The Way Alphabet’s DeepMind System is Transforming Tropical Cyclone Forecasting with Rapid Pace
When Developing Cyclone Melissa was churning off the coast of Haiti, weather expert Philippe Papin felt certain it would soon grow into a monster hurricane.
Serving as lead forecaster on duty, he predicted that in a single day the weather system would become a severe hurricane and begin a turn towards the Jamaican shoreline. Not a single expert had previously made such a bold forecast for rapid strengthening.
But, Papin had an ace up his sleeve: AI technology in the guise of the tech giant’s new DeepMind hurricane model – launched for the first time in June. True to the forecast, Melissa evolved into a storm of remarkable power that ravaged Jamaica.
Increasing Reliance on Artificial Intelligence Predictions
Forecasters are increasingly leaning hard on Google DeepMind. On the morning of 25 October, Papin explained in his official briefing that Google’s model was a primary reason for his certainty: “Approximately 40/50 Google DeepMind simulation runs indicate Melissa becoming a most intense hurricane. Although I am unprepared to predict that strength at this time given path variability, that is still plausible.
“There is a high probability that a period of rapid intensification will occur as the storm moves slowly over very warm sea temperatures which represent the most extreme marine thermal energy in the entire Atlantic basin.”
Surpassing Conventional Models
The AI model is the first artificial intelligence system focused on hurricanes, and currently the initial to outperform standard meteorological experts at their own game. Through all 13 Atlantic storms so far this year, the AI is the best – even beating experts on path forecasts.
The hurricane ultimately struck in Jamaica at maximum intensity, one of the strongest landfalls recorded in almost 200 years of data collection across the region. Papin’s bold forecast likely gave residents additional preparation time to get ready for the catastrophe, possibly saving people and assets.
The Way The System Works
Google’s model operates through spotting patterns that traditional time-intensive scientific prediction systems may overlook.

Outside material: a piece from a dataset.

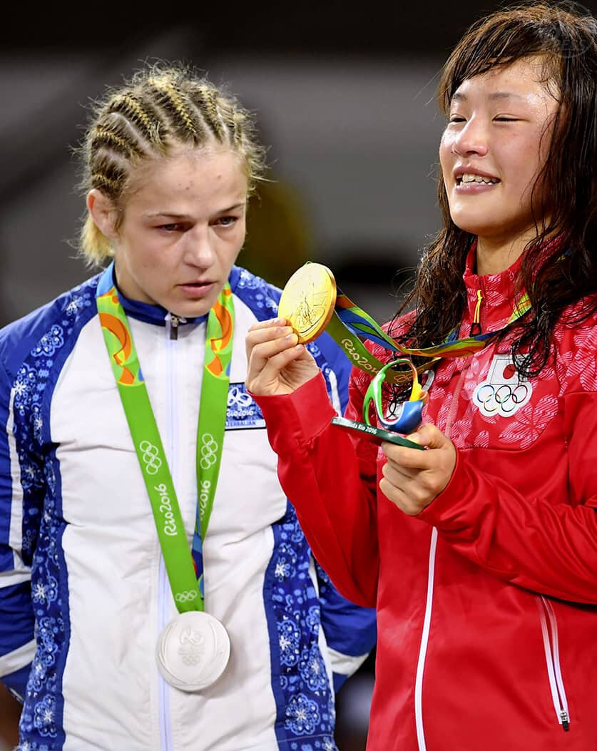 悔しさをにじませ登坂絵莉(右)の金メダルを見つめるアゼルバイジャンのマリア・スタドニク (8月17日)

“They do it much more quickly than their physics-based cousins, and the processing requirements is less expensive and demanding,” said Michael Lowry, a former meteorologist.
“This season’s events has demonstrated in short order is that the recent artificial intelligence systems are competitive with and, in some cases, more accurate than the slower physics-based weather models we’ve relied upon,” Lowry said.
Understanding Machine Learning
It’s important to note, the system is an example of AI training – a method that has been employed in data-heavy sciences like meteorology for a long time – and is not generative AI like ChatGPT.
Machine learning processes large datasets and extracts trends from them in a such a way that its model only takes a few minutes to generate an answer, and can operate on a desktop computer – in sharp difference to the primary systems that authorities have used for years that can take hours to process and need some of the biggest supercomputers in the world.
Professional Responses and Upcoming Developments
Nevertheless, the reality that the AI could exceed earlier top-tier traditional systems so quickly is truly remarkable to meteorologists who have spent their careers trying to predict the world’s strongest storms.
“I’m impressed,” said James Franklin, a former forecaster. “The data is sufficient that it’s evident this is not a case of chance.”
He noted that while Google DeepMind is beating all competing systems on predicting the future path of storms worldwide this year, like many AI models it occasionally gets extreme strength predictions wrong. It struggled with another storm earlier this year, as it was also undergoing quick strengthening to category 5 above the Caribbean.
During the next break, Franklin stated he intends to talk with the company about how it can enhance the AI results more useful for experts by offering extra under-the-hood data they can use to assess the reasons it is producing its answers.
“The one thing that nags at me is that although these forecasts seem to be highly accurate, the output of the system is essentially a opaque process,” said Franklin.
Wider Industry Trends
Historically, no a private, for-profit company that has developed a high-performance forecasting system which grants experts a view of its methods – in contrast to most systems which are provided at no cost to the general audience in their full form by the governments that designed and maintain them.
The company is not the only one in starting to use AI to solve challenging meteorological problems. The authorities are developing their own AI weather models in the works – which have demonstrated improved skill over earlier non-AI versions.
The next steps in artificial intelligence predictions seem to be startup companies tackling previously tough-to-solve problems such as sub-seasonal outlooks and improved advance warnings of severe weather and sudden deluges – and they are receiving US government funding to pursue this. A particular firm, WindBorne Systems, is also deploying its own atmospheric sensors to address deficiencies in the national monitoring system.